Understanding Vector Space Models

4 minute read

You shall know a word by the company it keeps. - John Firth

We will delve into the concept of Vector Spaces by developing an intuition behind this idea through some simple examples. There are many applications and algorithms that make use of Vector Space models, but this post focuses on the general idea behind vector spaces.

Beginner’s guide to understanding Vector Space Models

So suppose you have two questions. The first one is, where are you heading? And the second one is, where are you from? .These sentences have identical words, except for the last ones. However, they both have a different meaning.

On the other hand, say you have two more questions whose words are completely different but both sentences mean the same thing.

Vector space models will help you identify whether the first pair of questions (or the second pair) are similar in meaning even if they do not share the same words.

They can be used to identify similarity for a question answering, paraphrasing, and summarization.

Vector space models will also allow you to capture dependencies between words.

Example 1: Consider this sentence. You eat cereal from a bowl. Here, you can see that the word cereal and the word bowl are related.

Word relations

Example 2: Now let’s look at this other sentence. You buy something and someone else sells it. So what it’s saying is that someone sells something because someone else buys it. The second half of the sentence is dependent on the first half. With vector space models, you will be able to capture this and many other types of relationships among different sets of words.

Phrase relations

Vector space models are used in information extraction to answer questions in the style of who, what, where, how, and etc., in machine translation and in chatbots programming.

Essence of Vector Space Models: When using vector space models, the way these representations are made is by identifying the context around each word in the text, and this captures the relative meaning.

To recap, vector space models allow you to represent words and documents as vectors. This captures the relative meaning.

Co-occurrence matrices

We can construct our vectors based off a co-occurrence matrix. Specifically, depending on the task we are trying to solve, we can have several possible designs. We will also see how we can encode a word or a document as a vector. To get a vector space model using a word by word design, we’ll make a co-occurrence matrix and extract vector representations for the words in our corpus.

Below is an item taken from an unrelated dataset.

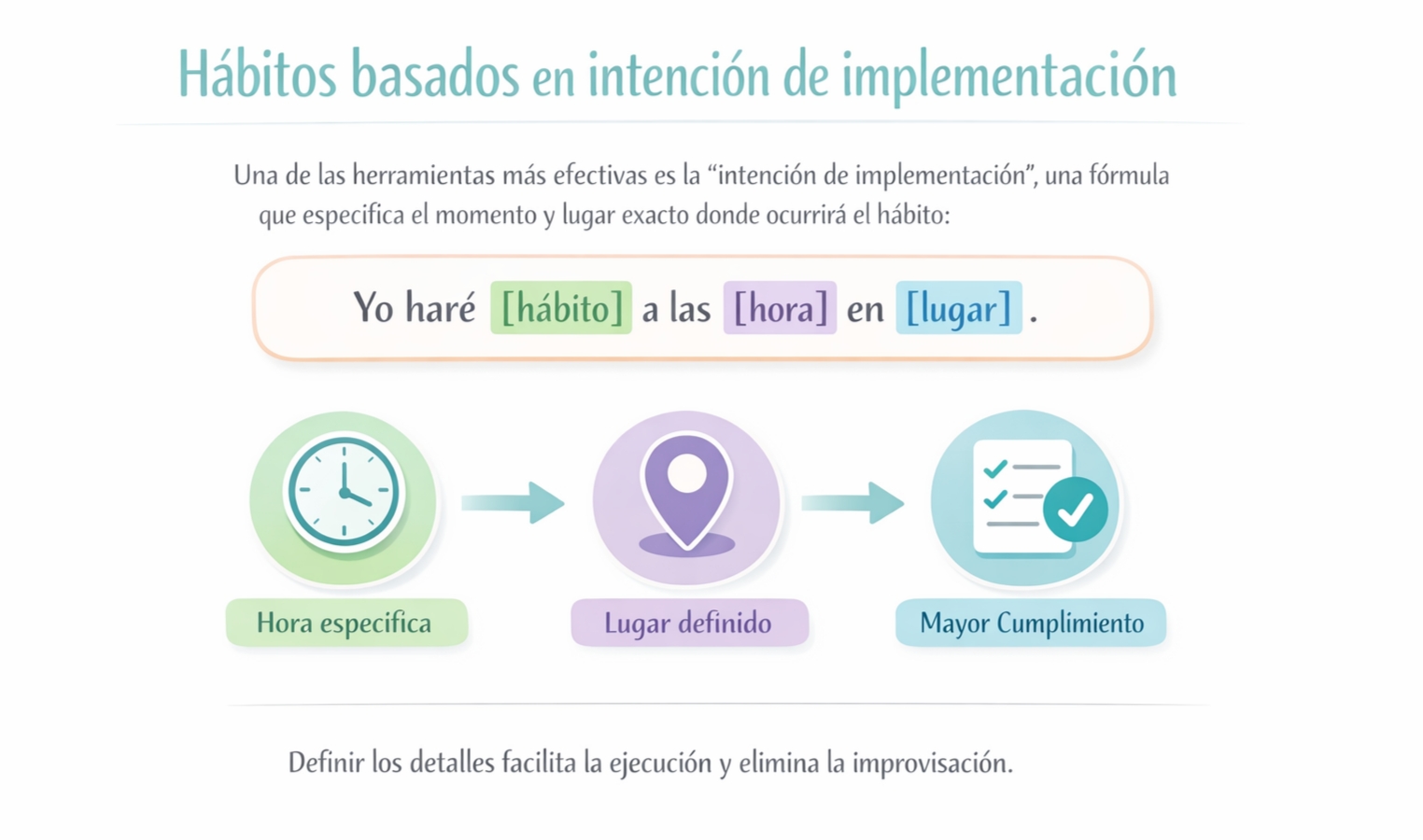 Los estudios muestran que declarar explícitamente la hora y el contexto aumenta significativamente la probabilidad de cumplir un hábito. La ambigüedad es el enemigo del cambio. Cuando definimos los detalles, facilitamos la ejecución y eliminamos la improvisación.

Similarly, we can get a Vector Space Model using a word by document design.

Finally, we’ll see how in a vector space we can find relationships between words and vectors, also known as their similarity.

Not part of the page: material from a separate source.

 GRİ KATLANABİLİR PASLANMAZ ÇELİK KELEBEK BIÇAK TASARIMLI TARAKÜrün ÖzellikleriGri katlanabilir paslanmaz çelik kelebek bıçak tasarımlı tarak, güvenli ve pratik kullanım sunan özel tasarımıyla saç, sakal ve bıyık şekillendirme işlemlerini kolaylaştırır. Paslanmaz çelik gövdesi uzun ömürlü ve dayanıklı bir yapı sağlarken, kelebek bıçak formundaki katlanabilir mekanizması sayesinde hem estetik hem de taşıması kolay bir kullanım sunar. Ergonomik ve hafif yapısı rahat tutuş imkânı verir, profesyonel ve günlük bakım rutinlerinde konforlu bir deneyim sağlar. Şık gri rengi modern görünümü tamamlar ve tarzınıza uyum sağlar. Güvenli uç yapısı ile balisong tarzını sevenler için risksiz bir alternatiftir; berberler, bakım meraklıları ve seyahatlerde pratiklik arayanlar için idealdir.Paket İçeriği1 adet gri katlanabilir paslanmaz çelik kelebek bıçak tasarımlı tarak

The co-occurrence of two different words is the number of times that they appear in your corpus together within a certain word distance k.

Word-by-word design

For instance, suppose that your corpus has the following two sentences.

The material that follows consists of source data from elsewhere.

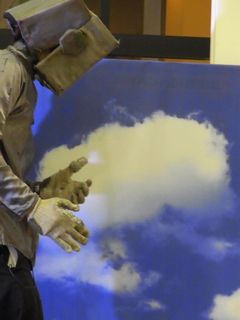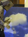 このステージのバック、もともとはこんな空に雲の絵なのね。
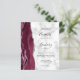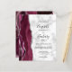 A borda esquerda deste elegante convite de casamento moderno apresenta uma cor d'água borrifada com borda cortada com cintilação falsa de prata. O texto personalizável combina manuscritos, copperplate e fontes itálicas em preto em uma cinza e fundo de mármore branco. O lado inverso apresenta um design de burgundy e agate prateado.
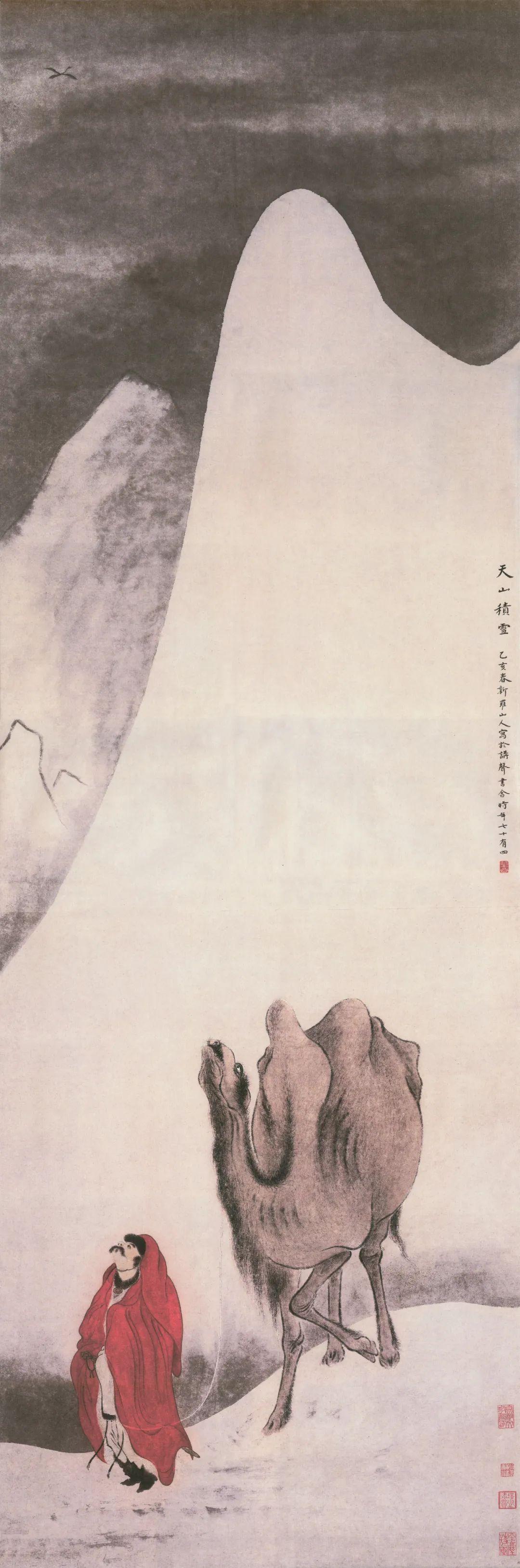 邊塞行旅是華嵒經常表現的題材之一,《天山積雪圖》描繪的就是唐人遠行邊塞的詩意畫面。這或許是源於華嵒的親身經歷,他中年時曾北遊恆山,西遊華山,飽覽雪山寒駝之景,後來更是在創作中表現這種天地高遠、空闊寂寥的詩意。

The row of the co-occurrence matrix corresponding to the word data with a k value equal to two would be populated with the above values.

For the column corresponding to the word simple, you’d get a value equal to two. Because data and simple co-occur in the first sentence within a distance of one word, and in the second sentence within a distance of two words.

The row of the co-occurrence matrix corresponding to the word data would look like this if you consider the co-occurrence with the words simple, raw, like, and I. In this case, the vector representation of the word data would be equal to 2, 1, 1, 0.

What is n here?: With a word by word design, you can get a representation with n entries, with n between one and the size of your entire vocabulary.

Word-by-Document design

For a word by document design, the process is quite similar. In this case, you’ll count the times that words from your vocabulary appear in documents that belong to specific categories.

For instance, you could have a corpus consisting of documents between different topics like entertainment, economy, and machine learning. Here, you’d have to count the number of times that your words appear on the document that belong to each of the three categories.

In this example, suppose that the word data appears 500 times in documents from your corpus related to entertainment, 6,620 times in economy documents, and 9,320 in documents related to machine learning. The word film appears in each document’s category 7,000, 4,000, and 1,000 times respectively.

Once you’ve constructed the representations for multiple sets of documents or words, you’ll get your vector space.

Vector spaces

Let’s take the matrix from the last example. Here, you could take a representation for the words data and film from the rows of the table. However, we can also take the representation for every category of documents by looking at the columns. So the vector space will have two dimensions.

If the number of times that the words data and film appear on the type of document is plotted on 2-D plane, we get the vector representation for the categories: entertainment, economy and ML.

Note that in this space, it is easy to see that the economy and machine learning documents are much more similar than they are to the entertainment category.

In my next post, we’ll make comparisons between vector representations using the cosine similarity and the Euclidean distance in order to get the angle and distance between them.


  • So far, you’ve seen how to get vector spaces by two different designs, word by word and word by document, by either counting the co-occurrence of words or the co-occurrence of words in the document’s corpora.
  • I also showed you that in vector spaces, you can determine relationships between types of documents like similarity.